* _Task statement_:
The answer must consist only of the lines from the line with "Andy's posters are" to the line with "This stunning bracelet", both included, exactly as they stand below.

* _Available data_:
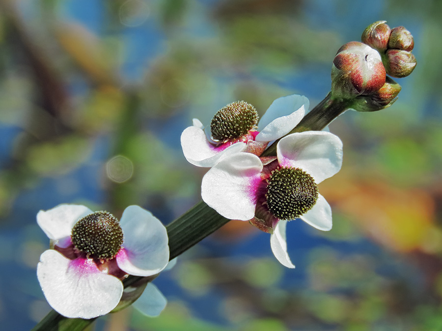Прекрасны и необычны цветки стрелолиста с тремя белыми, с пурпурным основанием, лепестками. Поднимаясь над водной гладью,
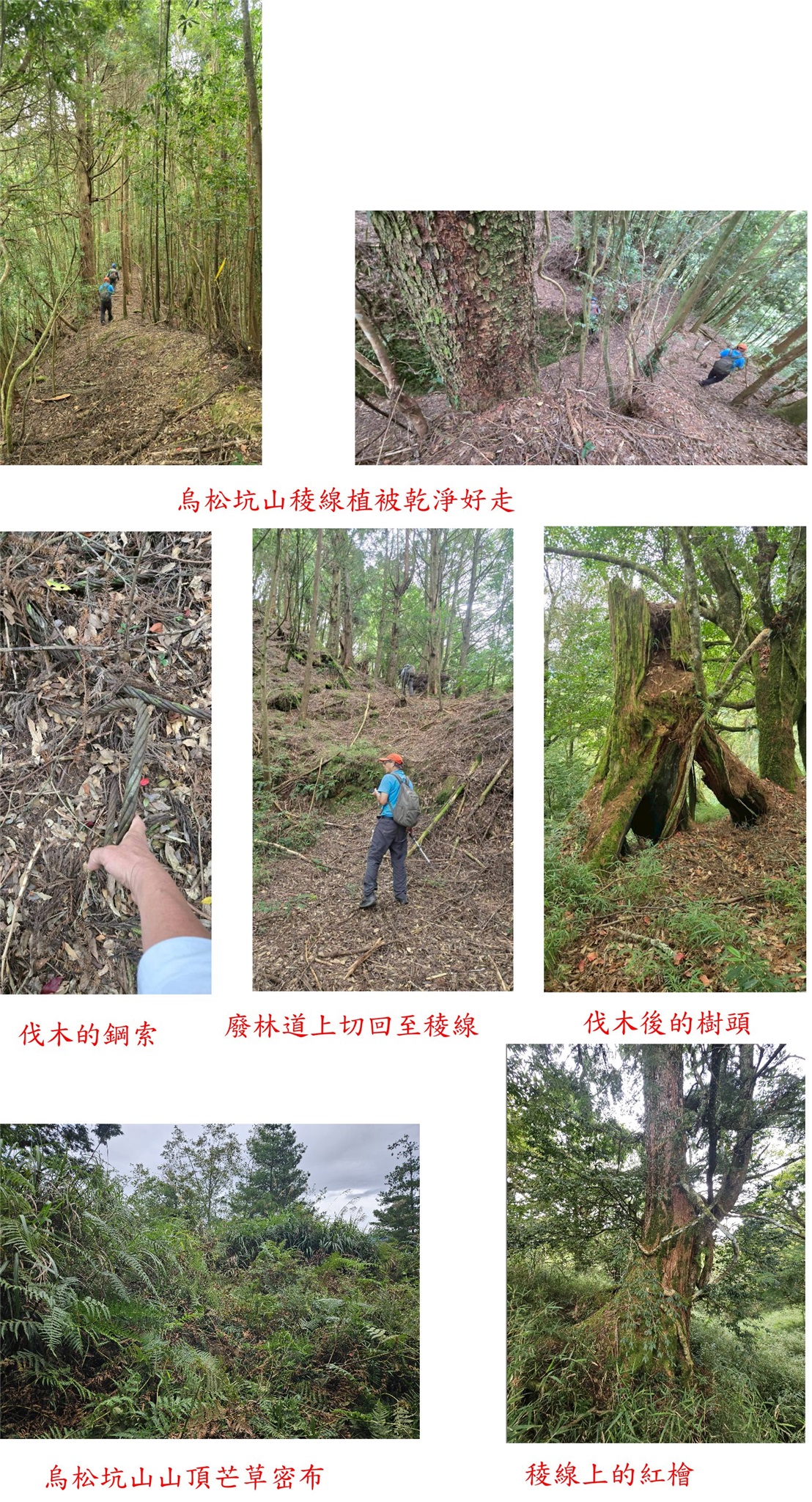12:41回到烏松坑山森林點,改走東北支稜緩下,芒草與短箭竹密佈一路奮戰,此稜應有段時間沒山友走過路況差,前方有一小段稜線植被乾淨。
==
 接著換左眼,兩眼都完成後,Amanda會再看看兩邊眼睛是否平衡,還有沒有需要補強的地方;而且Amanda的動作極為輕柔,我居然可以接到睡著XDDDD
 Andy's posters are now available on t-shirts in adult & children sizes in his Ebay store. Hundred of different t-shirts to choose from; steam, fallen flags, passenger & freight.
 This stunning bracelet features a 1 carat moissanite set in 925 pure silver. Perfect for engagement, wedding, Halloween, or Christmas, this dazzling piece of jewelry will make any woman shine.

* _Output below_:
 Andy's posters are now available on t-shirts in adult & children sizes in his Ebay store. Hundred of different t-shirts to choose from; steam, fallen flags, passenger & freight.
 This stunning bracelet features a 1 carat moissanite set in 925 pure silver. Perfect for engagement, wedding, Halloween, or Christmas, this dazzling piece of jewelry will make any woman shine.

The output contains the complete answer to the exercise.